GIVEN DATA:

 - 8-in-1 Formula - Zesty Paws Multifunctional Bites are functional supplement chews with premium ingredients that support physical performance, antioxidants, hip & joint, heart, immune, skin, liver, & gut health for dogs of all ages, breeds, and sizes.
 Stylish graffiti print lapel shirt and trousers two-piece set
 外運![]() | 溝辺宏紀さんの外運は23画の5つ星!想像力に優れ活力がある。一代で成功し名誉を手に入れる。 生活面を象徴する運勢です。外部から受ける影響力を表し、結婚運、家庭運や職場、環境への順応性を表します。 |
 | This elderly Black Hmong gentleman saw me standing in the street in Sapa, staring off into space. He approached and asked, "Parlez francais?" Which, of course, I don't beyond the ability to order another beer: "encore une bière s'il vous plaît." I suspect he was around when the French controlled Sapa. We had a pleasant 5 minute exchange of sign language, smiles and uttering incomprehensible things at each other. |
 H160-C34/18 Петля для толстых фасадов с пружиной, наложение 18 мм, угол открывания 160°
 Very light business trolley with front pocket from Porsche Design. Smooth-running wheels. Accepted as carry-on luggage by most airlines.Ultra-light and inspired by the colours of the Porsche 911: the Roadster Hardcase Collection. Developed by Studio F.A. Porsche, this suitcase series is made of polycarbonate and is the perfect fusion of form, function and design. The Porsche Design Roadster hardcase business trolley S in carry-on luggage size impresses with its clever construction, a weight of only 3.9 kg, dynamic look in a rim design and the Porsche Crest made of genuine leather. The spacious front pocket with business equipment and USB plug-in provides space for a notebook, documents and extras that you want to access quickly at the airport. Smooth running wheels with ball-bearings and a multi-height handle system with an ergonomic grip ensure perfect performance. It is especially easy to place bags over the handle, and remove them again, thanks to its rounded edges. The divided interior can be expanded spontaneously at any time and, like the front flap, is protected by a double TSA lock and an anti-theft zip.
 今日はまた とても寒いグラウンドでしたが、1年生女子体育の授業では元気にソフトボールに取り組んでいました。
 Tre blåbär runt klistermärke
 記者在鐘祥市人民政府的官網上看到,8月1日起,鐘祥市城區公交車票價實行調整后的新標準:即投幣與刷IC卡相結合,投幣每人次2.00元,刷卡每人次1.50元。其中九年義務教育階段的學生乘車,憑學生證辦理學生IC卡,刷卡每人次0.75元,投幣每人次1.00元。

WHAT THE TASK REQUIRES: Exactly as they appear above, give the entries again.

SOLUTION:
 - 8-in-1 Formula - Zesty Paws Multifunctional Bites are functional supplement chews with premium ingredients that support physical performance, antioxidants, hip & joint, heart, immune, skin, liver, & gut health for dogs of all ages, breeds, and sizes.
 Stylish graffiti print lapel shirt and trousers two-piece set
 外運![]() | 溝辺宏紀さんの外運は23画の5つ星!想像力に優れ活力がある。一代で成功し名誉を手に入れる。 生活面を象徴する運勢です。外部から受ける影響力を表し、結婚運、家庭運や職場、環境への順応性を表します。 |
 | This elderly Black Hmong gentleman saw me standing in the street in Sapa, staring off into space. He approached and asked, "Parlez francais?" Which, of course, I don't beyond the ability to order another beer: "encore une bière s'il vous plaît." I suspect he was around when the French controlled Sapa. We had a pleasant 5 minute exchange of sign language, smiles and uttering incomprehensible things at each other. |
 H160-C34/18 Петля для толстых фасадов с пружиной, наложение 18 мм, угол открывания 160°
 Very light business trolley with front pocket from Porsche Design. Smooth-running wheels. Accepted as carry-on luggage by most airlines.Ultra-light and inspired by the colours of the Porsche 911: the Roadster Hardcase Collection. Developed by Studio F.A. Porsche, this suitcase series is made of polycarbonate and is the perfect fusion of form, function and design. The Porsche Design Roadster hardcase business trolley S in carry-on luggage size impresses with its clever construction, a weight of only 3.9 kg, dynamic look in a rim design and the Porsche Crest made of genuine leather. The spacious front pocket with business equipment and USB plug-in provides space for a notebook, documents and extras that you want to access quickly at the airport. Smooth running wheels with ball-bearings and a multi-height handle system with an ergonomic grip ensure perfect performance. It is especially easy to place bags over the handle, and remove them again, thanks to its rounded edges. The divided interior can be expanded spontaneously at any time and, like the front flap, is protected by a double TSA lock and an anti-theft zip.
 今日はまた とても寒いグラウンドでしたが、1年生女子体育の授業では元気にソフトボールに取り組んでいました。
 Tre blåbär runt klistermärke
 記者在鐘祥市人民政府的官網上看到,8月1日起,鐘祥市城區公交車票價實行調整后的新標準:即投幣與刷IC卡相結合,投幣每人次2.00元,刷卡每人次1.50元。其中九年義務教育階段的學生乘車,憑學生證辦理學生IC卡,刷卡每人次0.75元,投幣每人次1.00元。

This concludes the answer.